- [Problem statement]
Images aside, the whole listing should be written out word for word.

- [Recorded data]
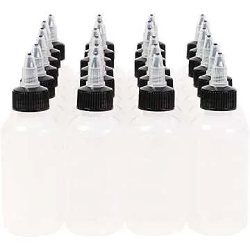 PRODUCT: White-colored soft Boston round squeeze bottles|DIMENSIONS: Bottle diameter 1.8 in. 5.3 in. height; 4 oz squeeze bottles|PERFECT: Bottles with twist caps are ideal for the icing on the cakes for bbq sauces keeping glue for craftwork|MATERIAL: Made of quality PE material these bottles are durable but not heat proof|WHAT’S INSIDE: Each pack contains 24 white-colored squeeze bottles| ASIN: B07X1W5QT9
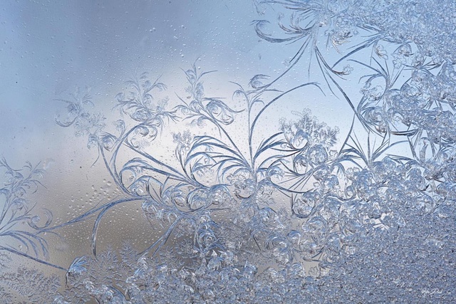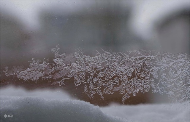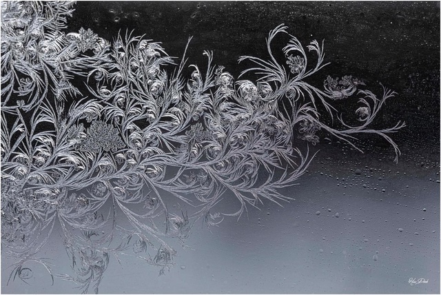 La vapeur d’eau se cristallise directement sur du verre froid, dans son processus de changement d’état, de changement vibratoire, il apparaît alors une création complexe et envoûtante –
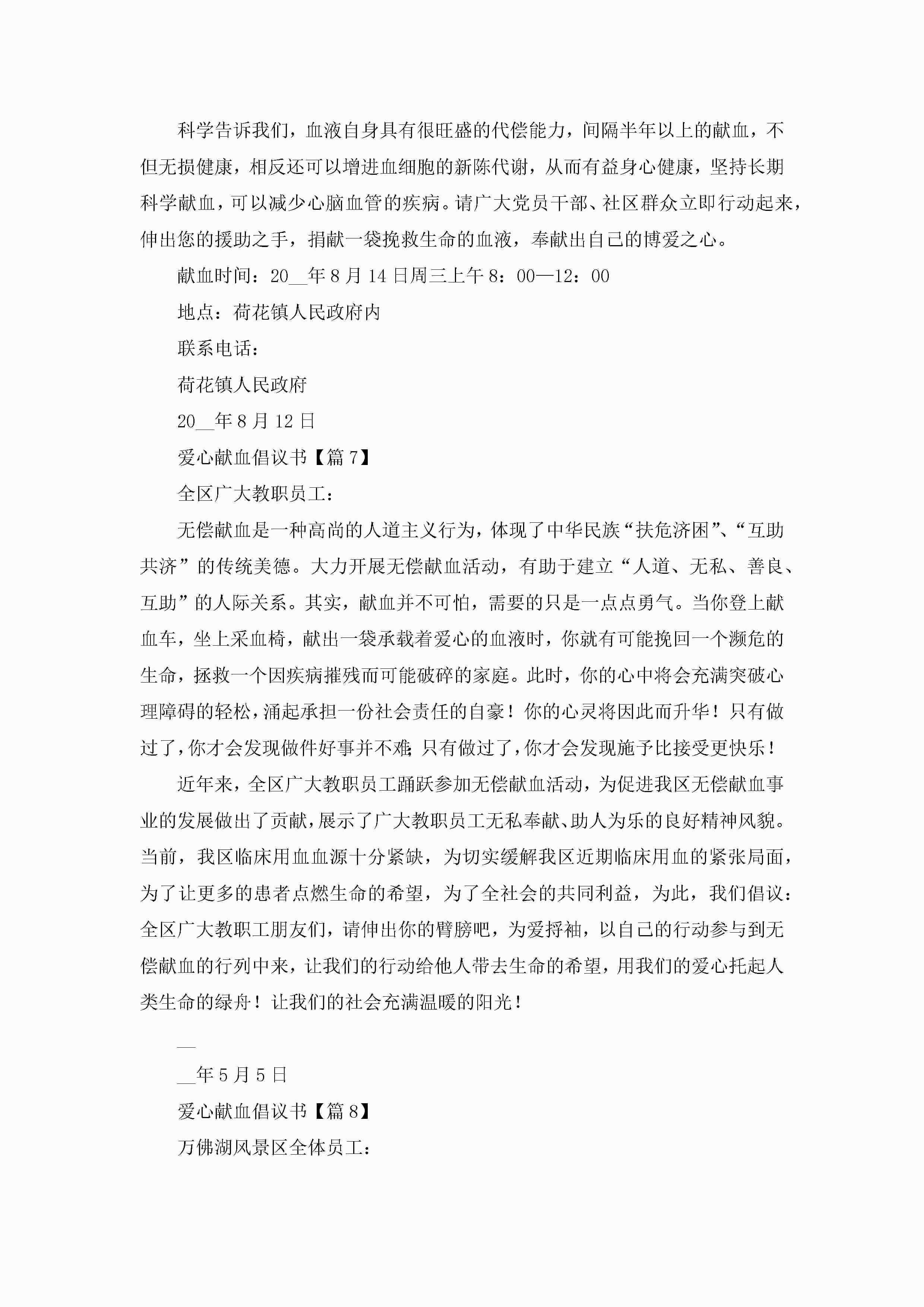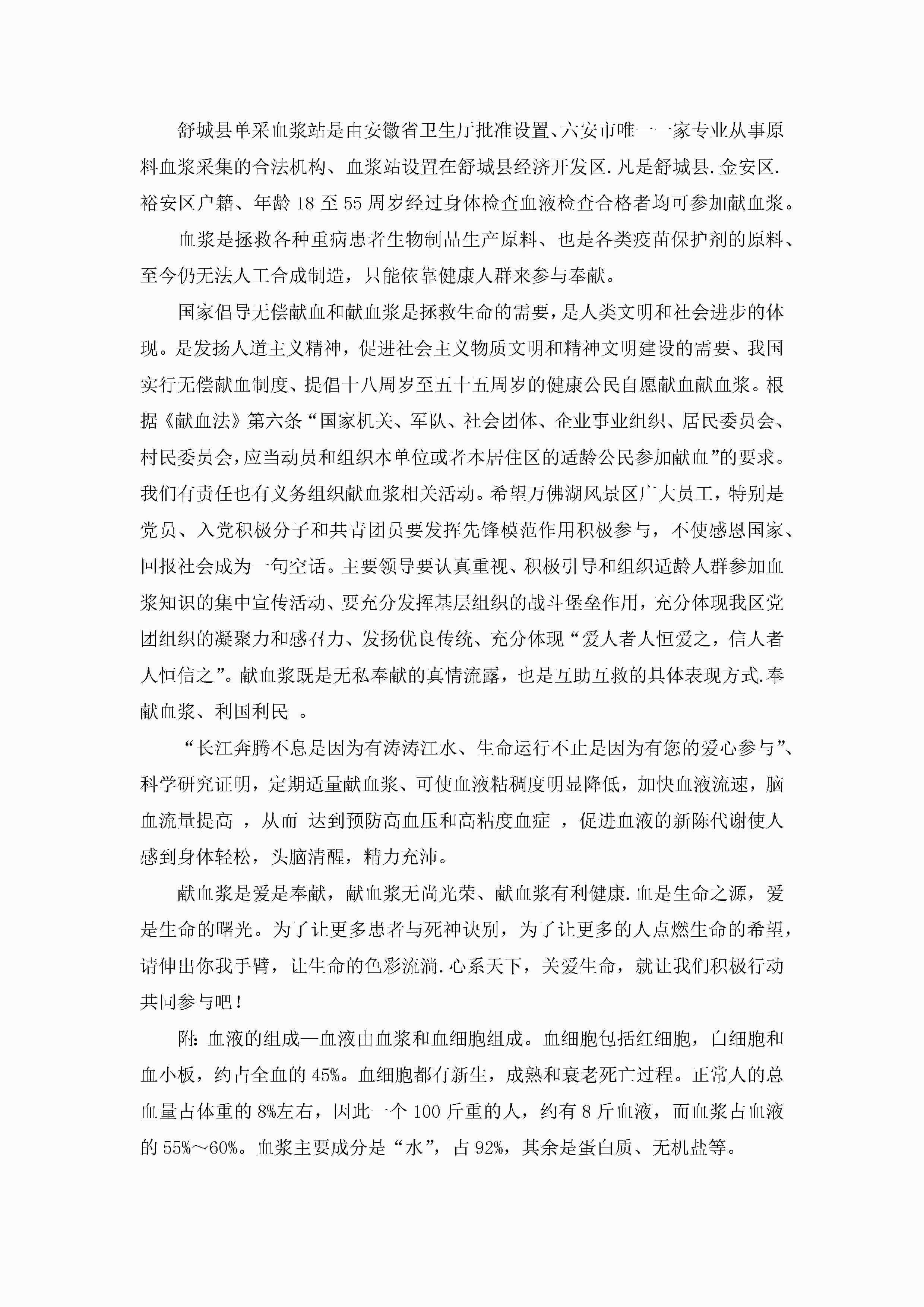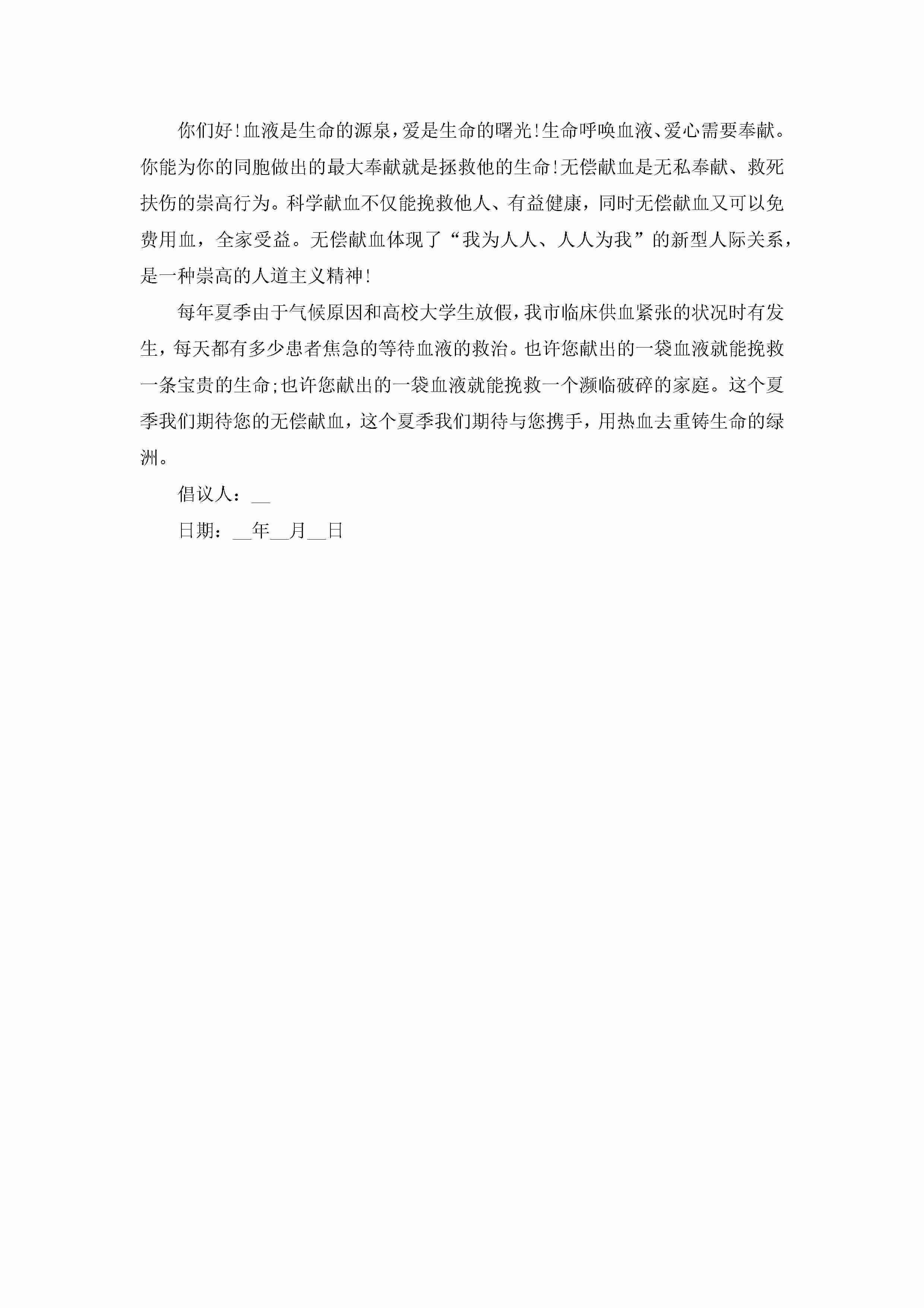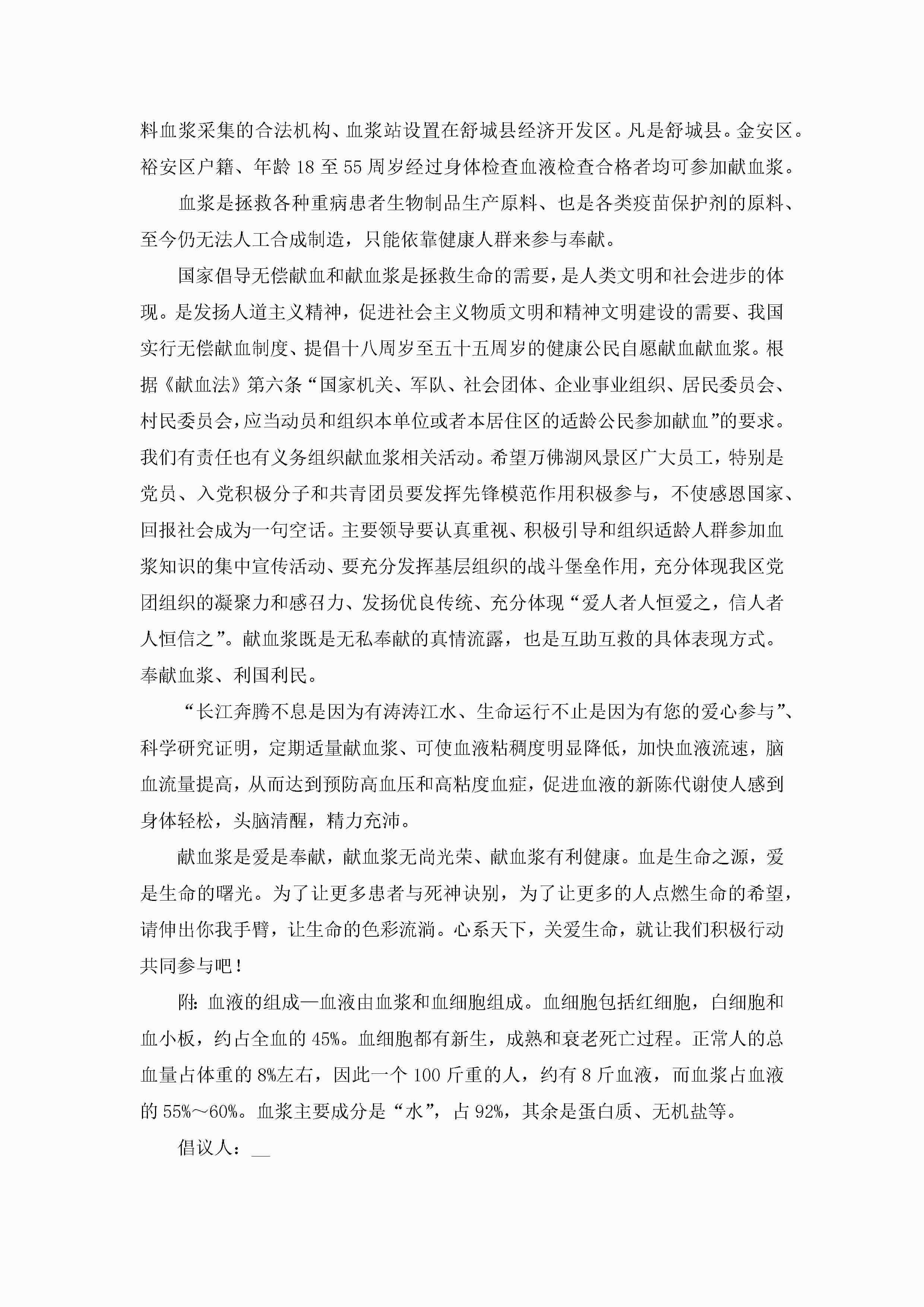 爱心献血倡议书(实用10篇)jugei3月22日 16:25发布关注209 爱心献血倡议书(实用10篇)此内容为付费资源,请付费后查看¥10.9 单篇文档限时特惠¥15个人会员开通企业会员开通立即下载无需登陆!可直接快捷下载单个模板付费资源© 版权声明THE ENDWord模板# 实用文档# 信函模板# 倡议书# 爱心献血倡议书10篇 如有问题,可点击最底部“联系我们”联系客服 分享QQ空间微博QQ好友海报分享复制链接收藏

- [Written reply]
 PRODUCT: White-colored soft Boston round squeeze bottles|DIMENSIONS: Bottle diameter 1.8 in. 5.3 in. height; 4 oz squeeze bottles|PERFECT: Bottles with twist caps are ideal for the icing on the cakes for bbq sauces keeping glue for craftwork|MATERIAL: Made of quality PE material these bottles are durable but not heat proof|WHAT’S INSIDE: Each pack contains 24 white-colored squeeze bottles| ASIN: B07X1W5QT9
 La vapeur d’eau se cristallise directement sur du verre froid, dans son processus de changement d’état, de changement vibratoire, il apparaît alors une création complexe et envoûtante –
 爱心献血倡议书(实用10篇)jugei3月22日 16:25发布关注209 爱心献血倡议书(实用10篇)此内容为付费资源,请付费后查看¥10.9 单篇文档限时特惠¥15个人会员开通企业会员开通立即下载无需登陆!可直接快捷下载单个模板付费资源© 版权声明THE ENDWord模板# 实用文档# 信函模板# 倡议书# 爱心献血倡议书10篇 如有问题,可点击最底部“联系我们”联系客服 分享QQ空间微博QQ好友海报分享复制链接收藏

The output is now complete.